Three cities in Canada are set to have bitcoin ATMs installed in the coming weeks, making the country the top ATM location in the world. New ATMs will be installed in the Canadian capital city Ottawa as well as Montreal and financial hub Toronto.
The ATM operators are announcing their plans to install machines across the country even as Canada's central bank issued a statement yesterday declaring bitcoin is not recognised as legal tender there.
Fadi Azouz, who operates the Montreal machine, said his ATM would be installed by 24th January at the Bitcoin Embassy in Montreal. It will take live rates from either BitStamp or the Canadian exchange Virtex and will charge a 5% fee for transactions. The 'embassy' is a non-profit organisation dedicated to promoting bitcoin. Azouz said the central bank's announcement would have no impact on his plans:
Azouz added that his company, Vx5 Technologies, will be installing and operating bitcoin ATMs in eight countries this year. They include Lebanon, the Philippines, Hungary and Venezuela, among others.
Azouz will not be operating a Lamassu or Robocoin machine, which are the two most well known manufacturers of bitcoin ATMs at present. Instead, he has opted for a machine built by an Ottawa company called Bitaccess. The firm calls its machines 'BTMs'.
Bitaccess makes a machine that converts fiat currency to bitcoin and another model that does two-way conversions. Current players Lamassu and Robocoin offer machines that convert fiat to bitcoin or two-way conversions respectively.
The Ottawa ATM maker has also included a wallet-generation feature on its machines. This means the ATM can create a wallet for a user who does not have an existing way of storing bitcoins. According to Bitaccess, a high-entropy, one-time, paper wallet is generated, which is then scanned manually by the user. The company says it doesn't store any information about the printed wallets.
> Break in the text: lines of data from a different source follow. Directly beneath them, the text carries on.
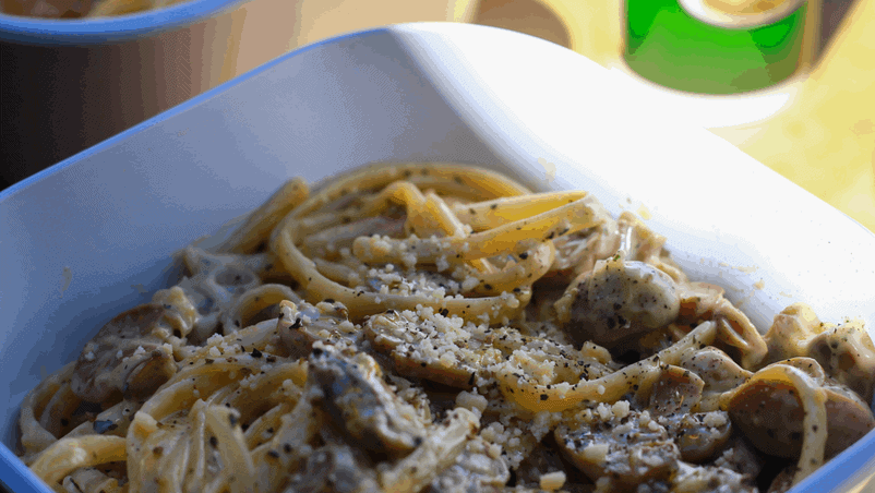 I use to make this one all the time back home, when I fancied something creamy and comforting. Here however, fresh mushrooms aren’t so easy to find, plus they aren’t cheap either. If you’re in the south at the right time of year, you may be able to get your hands on some cheap wild mushrooms in the markets. The ones you want are the impressive Loyo mushrooms, from the porcini family. For the most part, we ended up using tinned mushrooms. I won’t try and claim that these are the real thing, however they do have the advantage of being cheap, easy to find, and of course, lasting forever. By all means, use fresh if you can, but if not don’t be afraid to give these a go, you may be surprised. All the other ingredients for this recipe are also long life, so you can think about this one in the supermarket, and then forget about it till a rainy day.
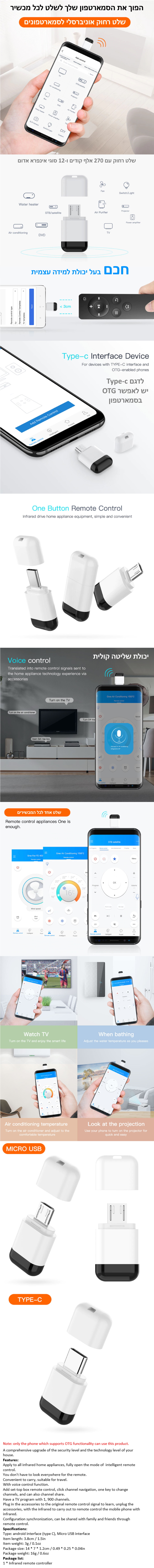 שלט אוניברסלי חכם לכל סוגי המזגנים/מכשירים באפליקציה לאנדרואיד ואייפון D4136 *במלאי מיידי* Zoom
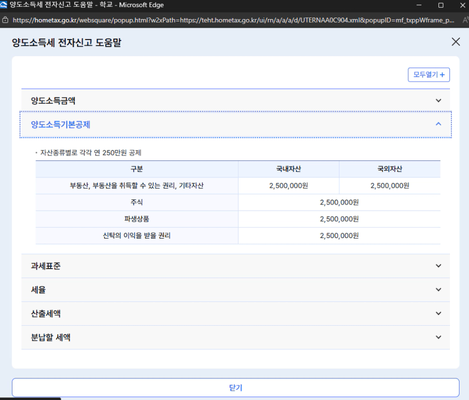 1년에 부동산 국내자산 개별 250만원 공제까지 들어가더라구요.
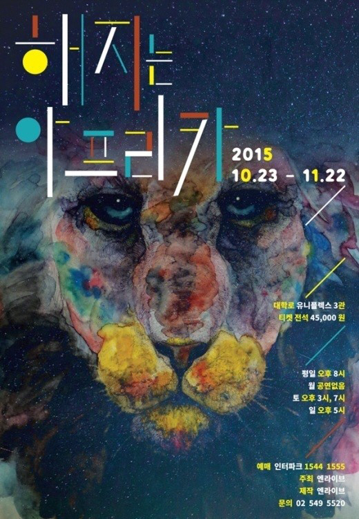 한편 음악인형극 '해지는 아프리카' 는 예매사이트 인터파크를 통해 예매가 가능하다. 전석 4만5천원이며 정부가 지원하는 1+1 혜택을 받을수 있다. 미취학아동은 입장이 불가하다. 문의 02-549-5520. 이정혁 기자 jjangga@sportschosun.com
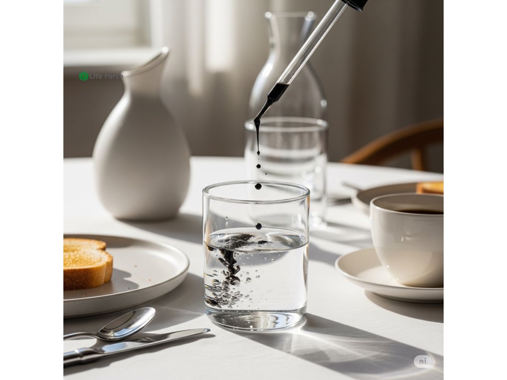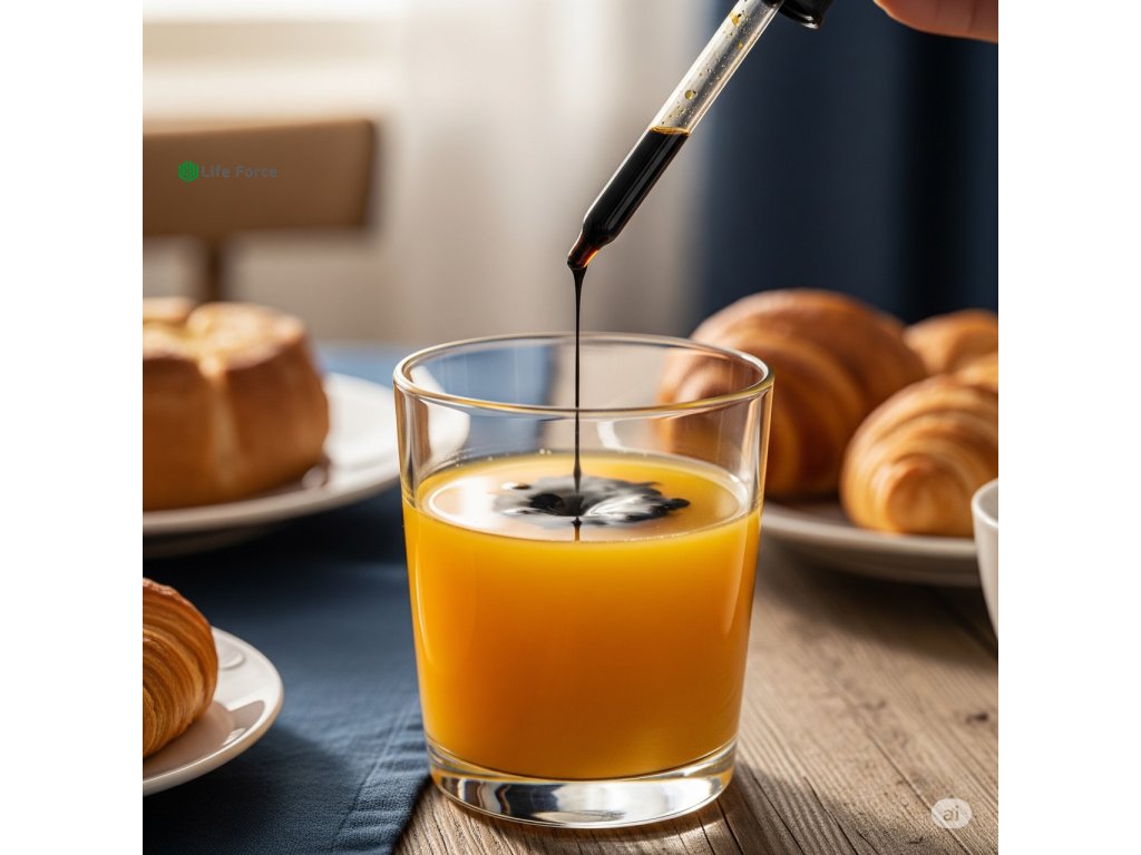 Doporučené dávkování: Pro dospělé stačí rozmíchat 4 až 5 kapek roztoku ve sklenici vody 1 až 2 krát denně. Užívat můžete před, během nebo po jídle.
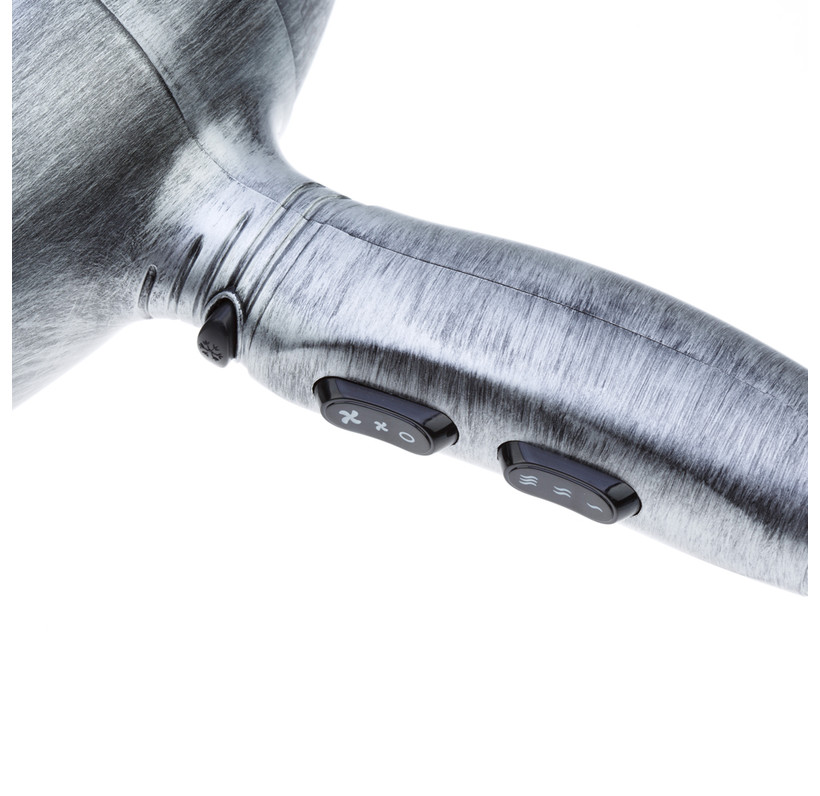 Фен обладает стильным матовым покрытием корпуса, имитирующим сталь, и весит всего 570 грамм. Ручка фена немного отклонена назад, что улучшает эргономику при работе. Сопла скошенной формы увеличивают скорость воздушного потока и делают процесс укладки брашингом более комфортным.
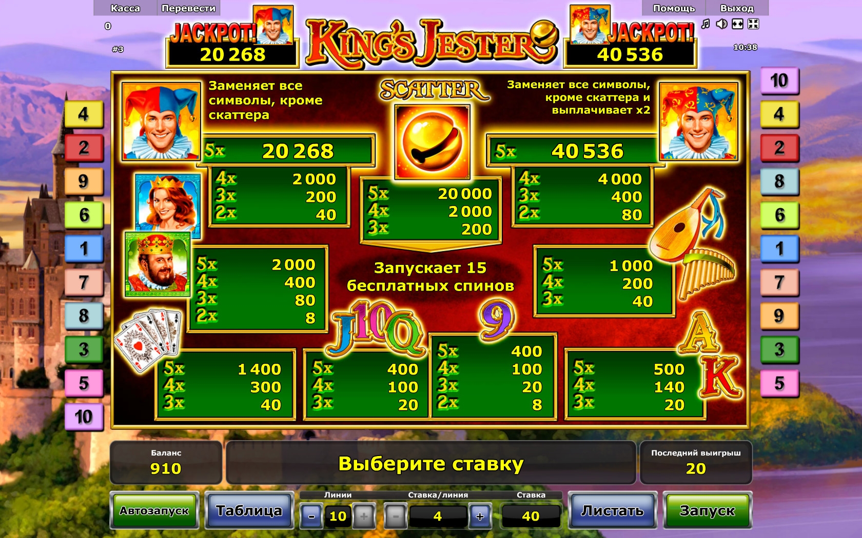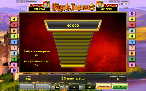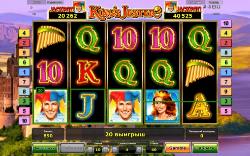 King’s Jester – онлайн видео-слот производства компании Novomatic. В нем пять барабанов и десять линий. Количество активных полос клиент может определять по своему усмотрению. Ставки по ним всегда равны. Они бывают от четырех кредитов до одной тысячи. Таким образом, на спин можно поставить не менее четырех и не более десяти тысяч.
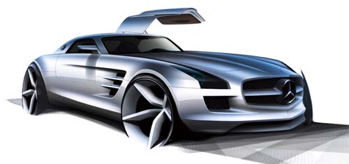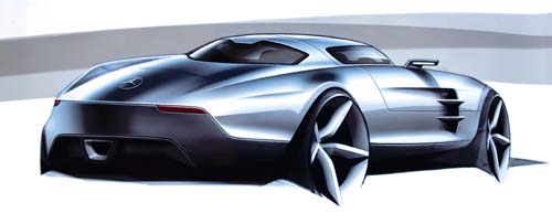 | 原廠公佈的外型手繪設計圖可看出SLS相當漂亮,而且充滿了夢幻駿逸之感。 |
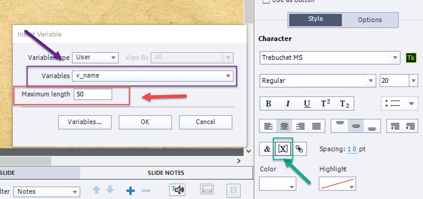 bien que je coche la case "conserver le texte" dans les propriétés de Text entry box, d'une diapositive à une autre, ce qu'a écrit mon utilisateur n'est pas conservé.
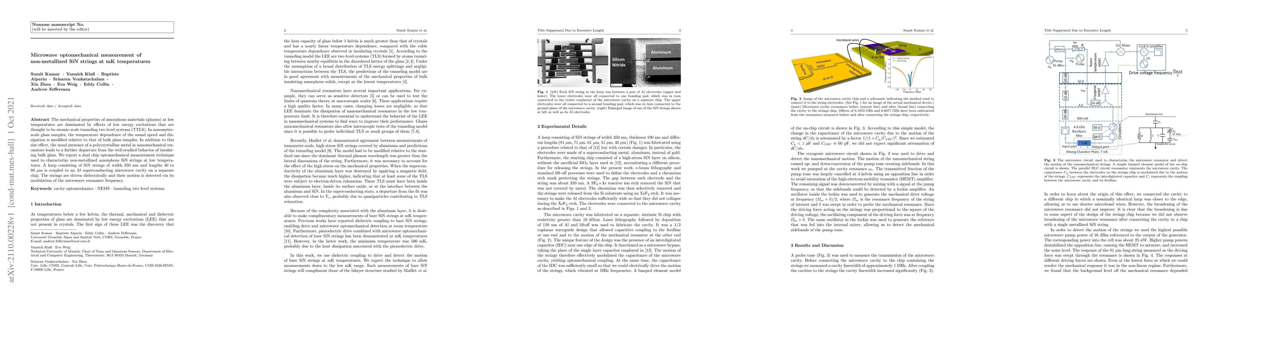 The research introduces a method using dual chips with a superconducting microwave cavity and non-metallized SiN strings to study mechanical properties of amorphous materials like silicon nitride at millikelvin temperatures. This technique eliminates the influence of metal layers, allowing for a better understanding of atomic-scale tunneling two-level systems in nanometer-scale glass samples.
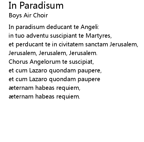 | 歌曲 | In Paradisum |
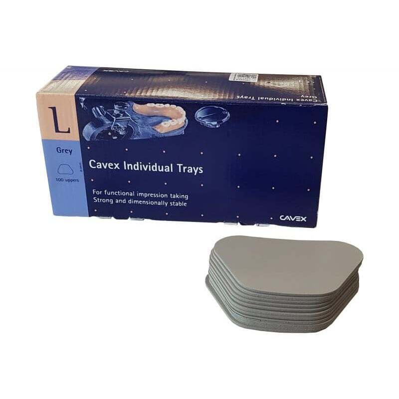 La bandeja individual es otra bandeja dental desarrollada por Cavex. La bandeja de color gris con un grosor estándar de 1,9 mm garantiza un ajuste óptimo incluso cuando la cuchara se almacena durante un período más largo. El procesamiento rápido y una relación precio/calidad favorable son las razones por las que Cavex Individual Tray ha sido popular en los laboratorios dentales de todo el mundo durante muchos años.
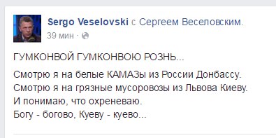 "Хлопци" его спрашивают: "Пэтро, ты за Украину, за йийи свободу виддаш коня?"
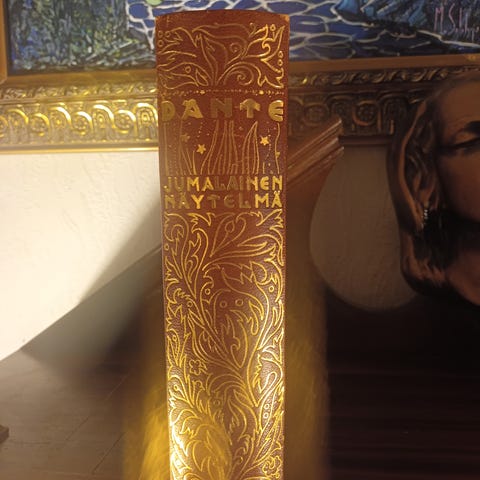 Tekijät/käsikirjoittajat: Dante ; suomennos: Eino LeinoKustantaja: WSOYUlkoasu: 239 sivua : kuvitettu ; 22 cmJulkaistu: 1924KovakantinenHuom. sivuja irti, iän tuomaa kulumaa ja kellastuneisuutta
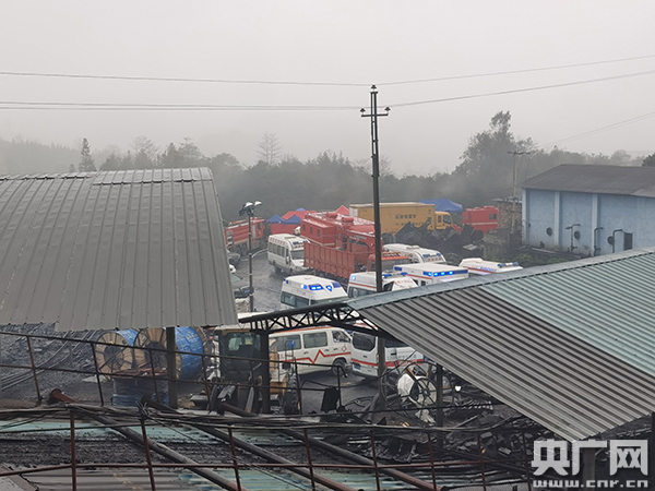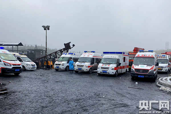 救援隊結集中,準備下井救援(央廣網記者 堯遙 攝)
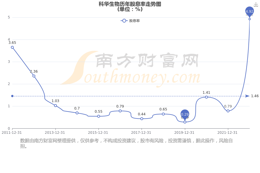 近年科华生物年度股息率走势如下图:
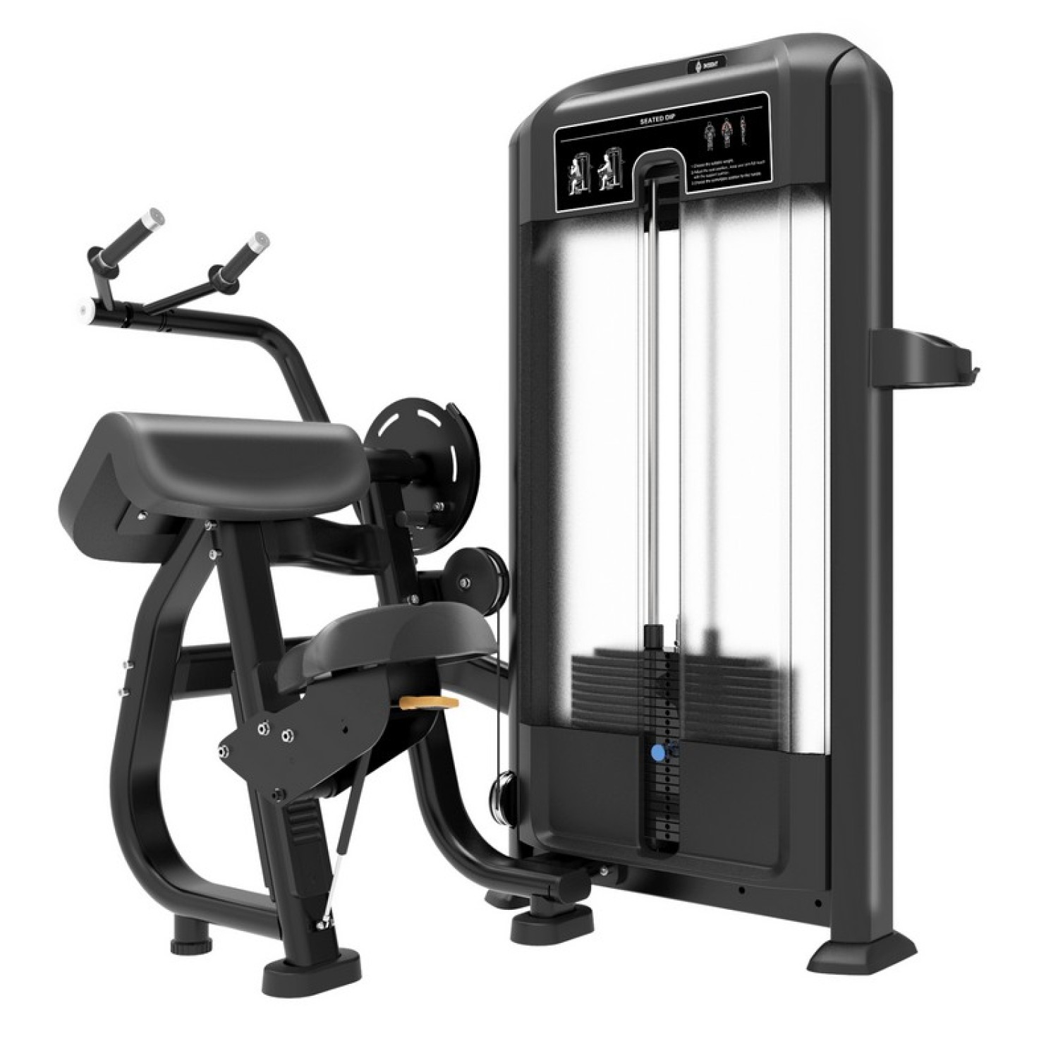 Контурная удобная подушка для локтей с наклоном в 45 градусов позволяет правильно и эффективно изолировать мышцы рук во время тренировки. Сиденье трицепс-машины регулируется под разный рост пользователя в 13 позициях. Механизм регулировки сиденья: возвратный, на газовом амортизаторе, с большой удобной рукояткой позволяет менять позицию не вставая с тренажера. Контурное эргономичное сиденье из прочной ПУ кожи профессионального класса с наполнителем из цельного ППУ уменьшает давление на поясничный отдел и позволяет занять удобное положение во время тренировки.
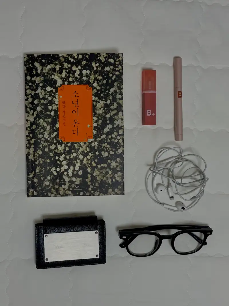 가방 속 책과 안경, 이어폰, 립제품, 지갑
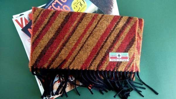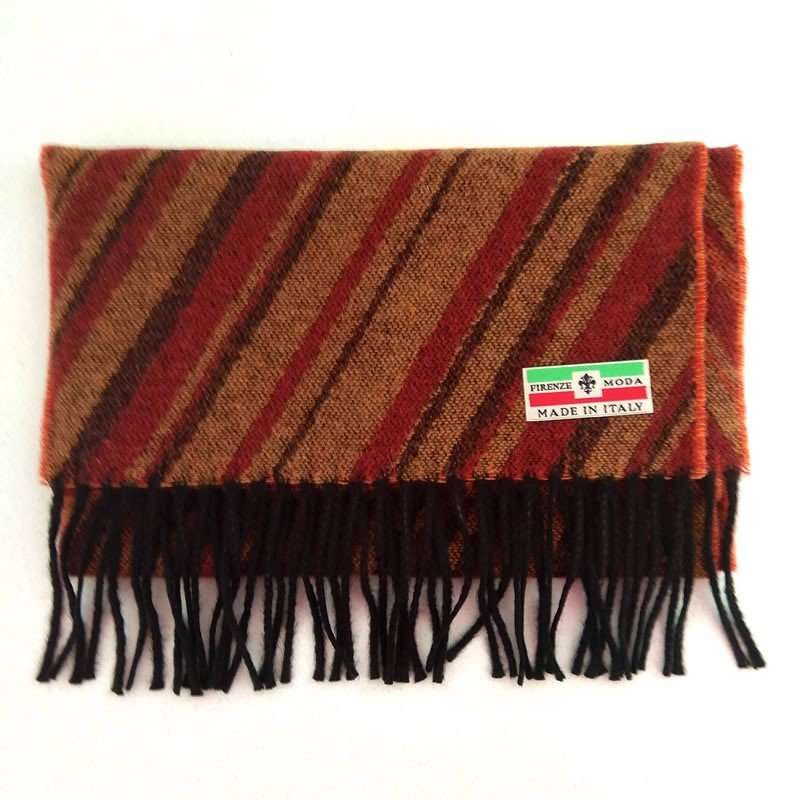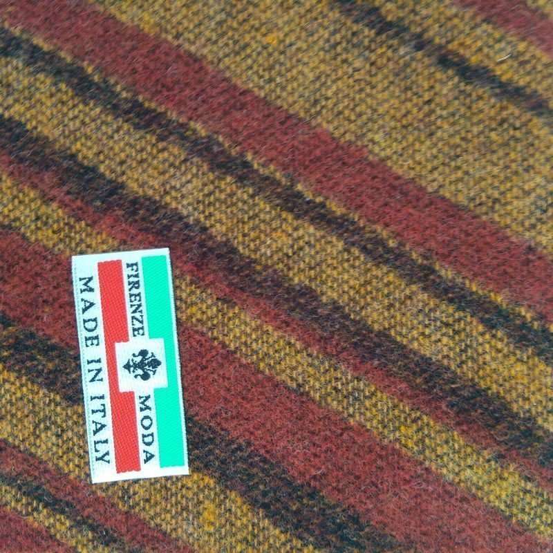 La bufanda Firenze en lana está adornada con lineas rojas y negras sobre un fondo color ocre y flecos negros. Es un accesorio perfecto para personalizar tus looks con un toque de elegancia durante la estación más fría.

Ottawa will also get a Bitaccess machine, according to a report from the Ottawa Citizen. The machine will be operated by a company called BIT-Capital, which also claims to run several cryptocurrency investment funds. The Ottawa ATM was installed in the Clocktower Brew Pub yesterday, according to the Citizen's report. The micro-brewery boasts four home-brewed beers and an "upscale pub menu".
Tom Drummond, a bitcoin user in Ottawa, said he welcomed the arrival of an ATM in the city. He said his current method of buying bitcoin on Canadian exchange Virtex takes between two hours and three days, depending on how he transfers his money to the exchange.
Virtex charges a 1.5% fee for a 120-day trading volume of less than 400 BTC and 0.5% for a trading volume greater than 2,000 BTC. It also allows customers to deposit or withdraw cash using a prepaid debit card that costs CA$10 for the card and CA$2 for each cash withdrawal from an ATM. The process can be complicated and daunting for a new user, which is one reason Drummond welcomes bitcoin ATMs in Canada.
"I feel ATMs will be good exposure to the public for BTC," Drummond said.
In Toronto, Canada's commercial capital, an ATM has been installed at Bitcoin Decentral, a co-working space dedicated to bitcoin businesses in the city's downtown. The space is 5,500 sq ft spread over four floors. The ATM is run by the Bitcoin Alliance of Canada, according to a report from the Toronto Star. It's unclear what type of machine has been installed, but it appears that it is not a Lamassu, as the Star reports that it can perform two-way conversions between bitcoin and fiat currency.
Vancouver was the world's first city to have a bitcoin ATM permanently installed last October. That Robocoin unit made waves after it reportedly accepted more than CA$1m in deposits in its first 29 days of operation. Its operator, Bitcoiniacs, said in December that it would install Robocoin machines in Montreal, Ottawa, Toronto and Calgary in December, but the Bitcoiniacs website only lists the Vancouver machine.